Data Engineering/Systems/Jupyter/Administration

From Wikitech

System Overview

We have deprecated anaconda-wmf, and are transitioning into conda-analytics. In the interim, below we discuss how their respective Jupyter installations work.

anaconda-wmf

anaconda-wmf is a custom Debian package of Anaconda that includes additional packages useful for analytics at WMF. anaconda-wmf is installed on all analytics client (AKA stat boxes) and worker nodes. It installs to /usr/lib/anaconda-wmf. See the Analytics/Systems/Anaconda documentation for how this works.

anaconda-wmf includes the Python and other packages we need to run JupyterHub. The configuration and setup of JupyterHub is done by Puppet. Users can ssh tunnel to an analytics client node and access JupyterHub over HTTP. JupyterHub is configured to authenticate users via LDAP (and also restricts them to a few POSIX groups). It is also configured to work with anconda-wmf and 'stacked' conda environments via a custom CondaEnvProfilesSpawner which can create and activate new user Conda environments. After authentication, the user is prompted with a list of Conda environments to use.

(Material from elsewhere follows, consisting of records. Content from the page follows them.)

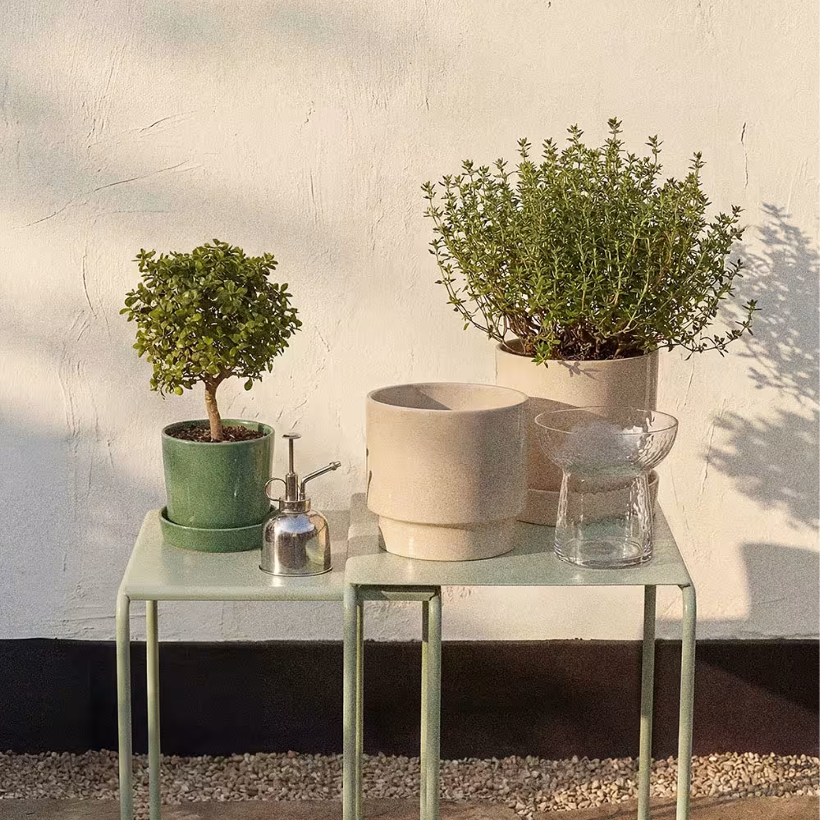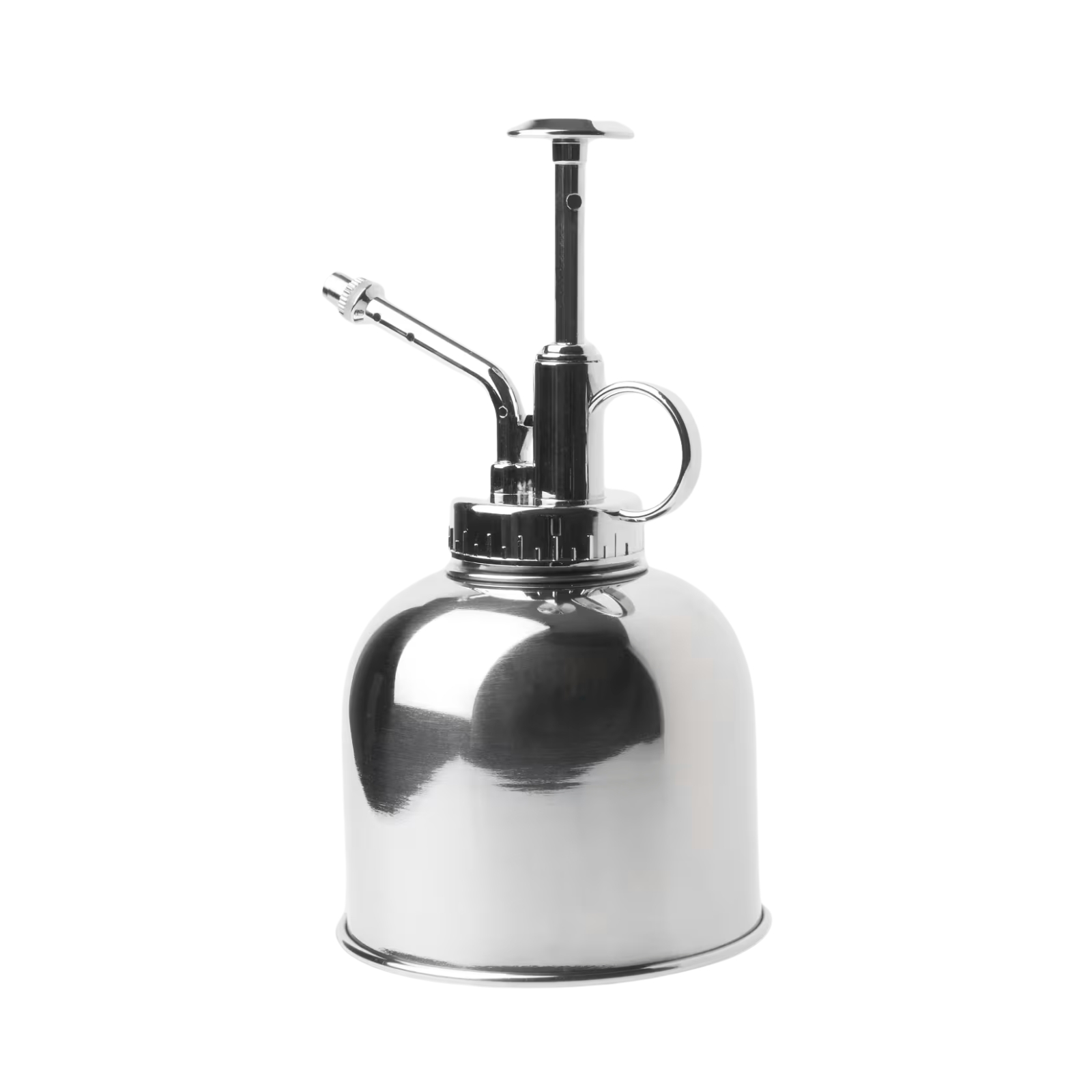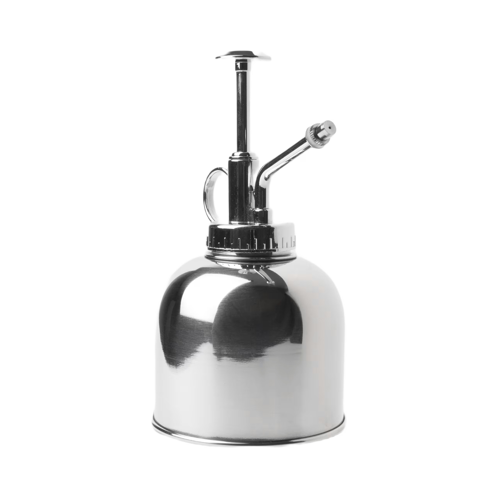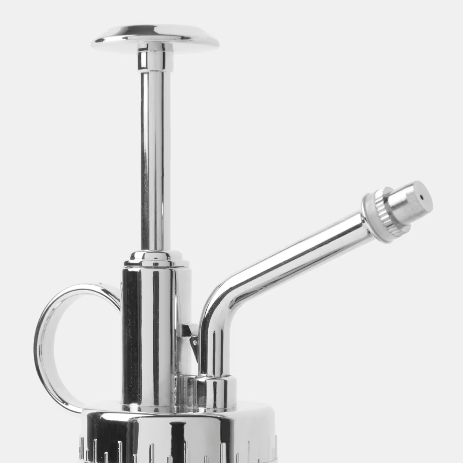 Blankpolerad blomspruta i rostfritt stål med presspump som håller växterna pigga.
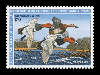1733 nhu RW55 image#RW55, 1988 $10.00 Multicolored, outstanding centering within lavishly large margins, exceedingly bright and fresh, o.g., n.h., extremely fine gem; 2004 PSE certificate (Superb 98; SMQ $160.00). (Image) $17.00
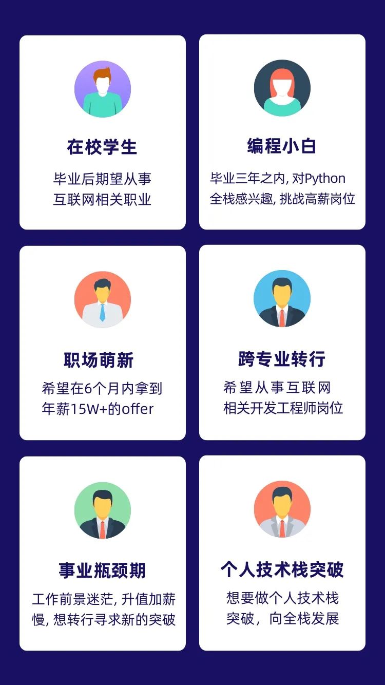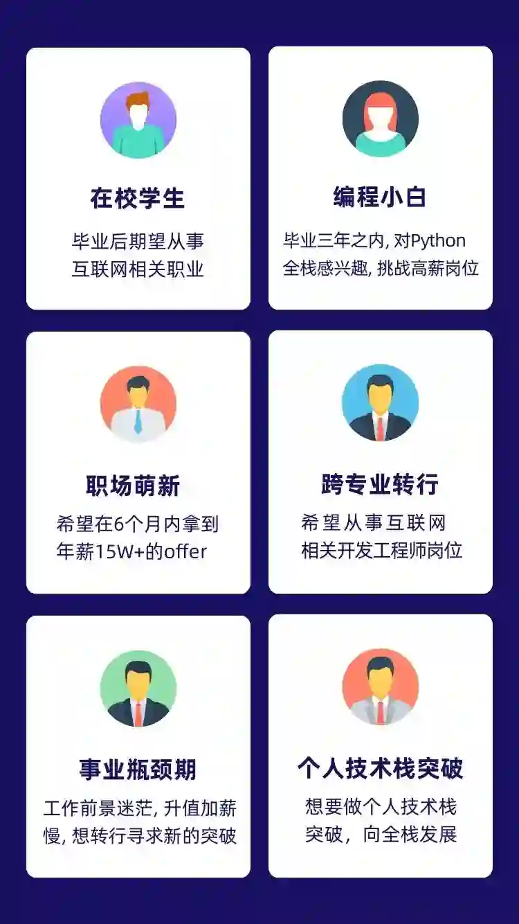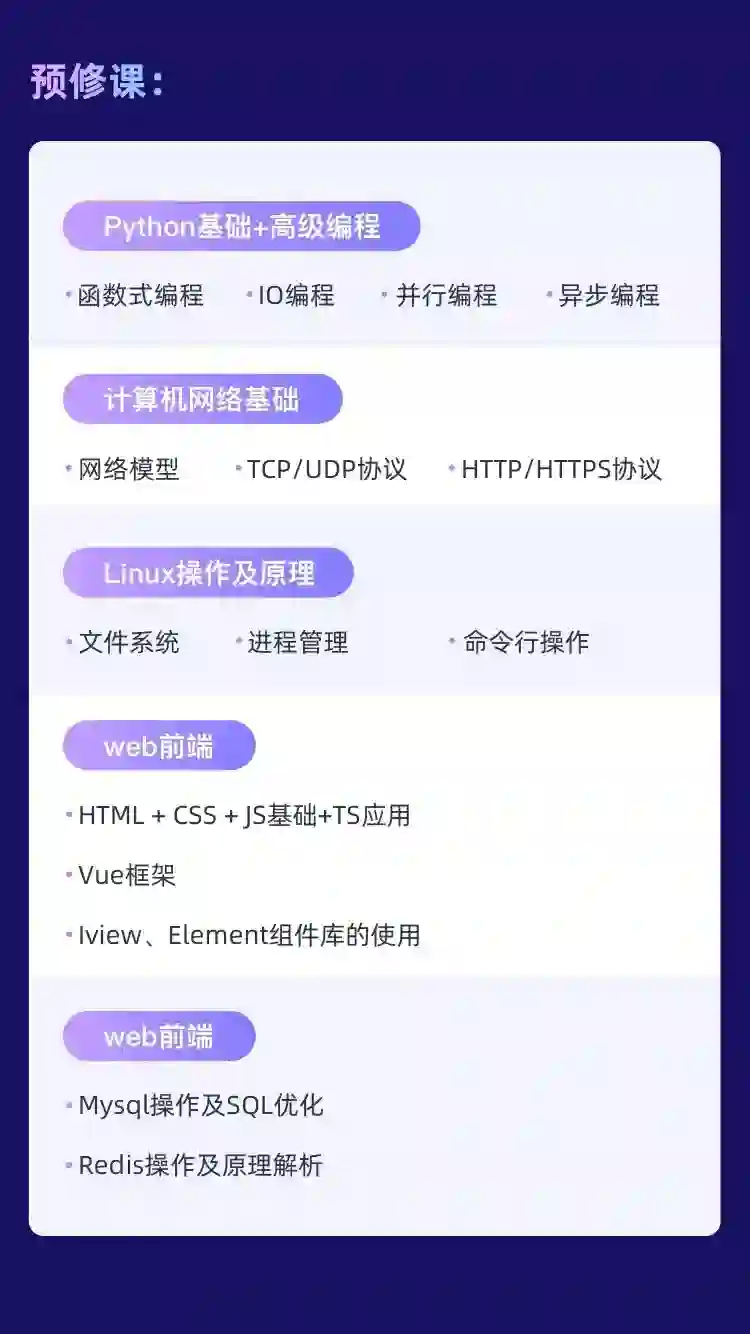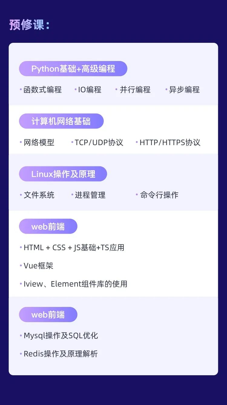 课程包含预修课和真实企业项目两大课程,帮助各位学员掌握必备知识技能,快速成长为Python全栈开发工程师,实现高薪职业!
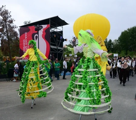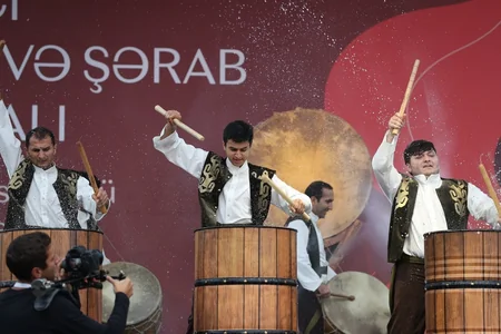 "Report" AZƏRTAC-a istinadən xəbər verir ki, qonaqları şərabçılıqla bağlı al-əlvan geyimli müxtəlif personajlar qarşılayıblar.
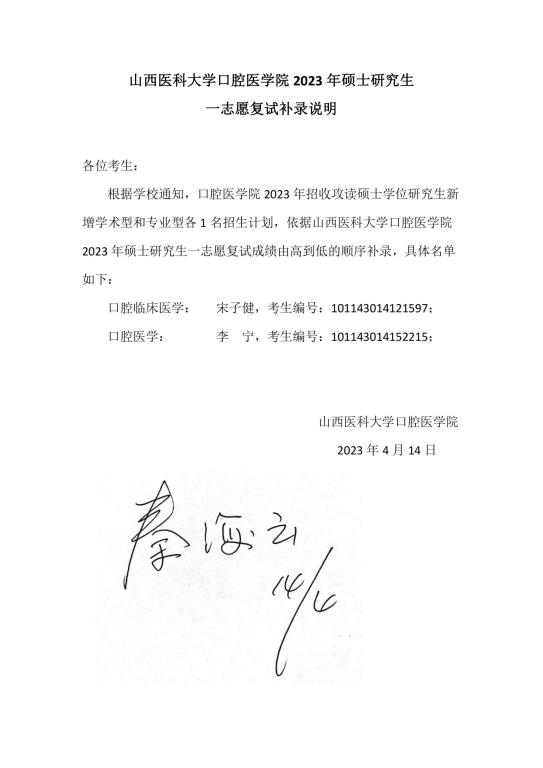 万象城allwincity官网口腔医学院2023年硕士研究生一志愿复试补录说明
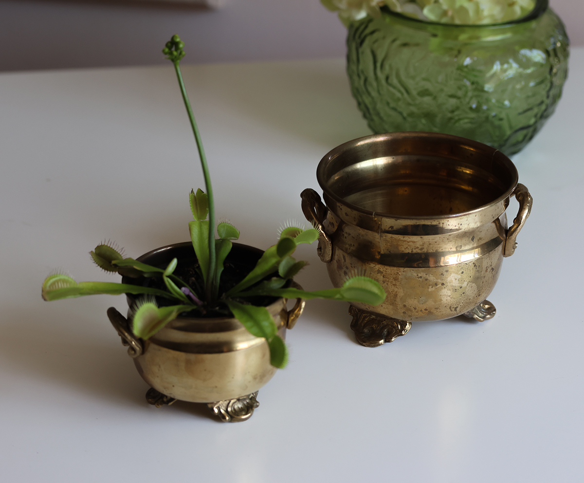 - ビンテージ 真鍮 取っ手付き プランター 鉢 2個セット ボウル ポット 鉢カバー アンティーク調 インテリア

Their Jupyter Notebook Server process is then launched using a SystemdSpawner running the jupyterhub-singleuser command out of the user's Conda environment, e.g. in /home/otto/.conda/envs/2020-12-13T19.40.09_otto/bin/jupyterhub-singleuser.

Note that JupyterHub runs out of /usr/lib/anaconda-wmf, and the user's Jupyter Notebook Server (to which JupyterHub proxies) runs out of the user's selected Conda environment. This means that the user's conda environment is ephemeral and can be discarded at will by the user, or if really needed, by an administrator. We can upgrade anaconda-wmf, and users can install whatever packages they might need into their Conda environments.

conda-analytics

conda-analytics is a custom Debian package of Miniconda that includes additional packages useful for analytics at WMF. conda-analytics is installed on all analytics client (AKA stat boxes) and worker nodes. It installs to /opt/conda-analytics.

conda-analytics includes the Python and other packages we need to run JupyterHub. The configuration and setup of JupyterHub is done by Puppet. Users can ssh tunnel to an analytics client node and access JupyterHub over HTTP. JupyterHub is configured to authenticate users via LDAP (and also restricts them to a few POSIX groups). It is also configured to work with conda-analytics cloned conda environments via a custom CondaEnvProfilesSpawner which can create and activate new user Conda environments. After authentication, the user is prompted with a list of Conda environments to use. Their Jupyter Notebook Server process is then launched using a SystemdSpawner running the jupyterhub-singleuser command out of the user's Conda environment, e.g. in /home/otto/.conda/envs/2020-12-13T19.40.09_otto/bin/jupyterhub-singleuser.

Note that JupyterHub runs out of /opt/conda-analytics, and the user's Jupyter Notebook Server (to which JupyterHub proxies) runs out of the user's selected Conda environment. This means that the user's conda environment is ephemeral and can be discarded at will by the user, or if really needed, by an administrator. We can upgrade conda-analytics, and users can install whatever packages they might need into their Conda environments.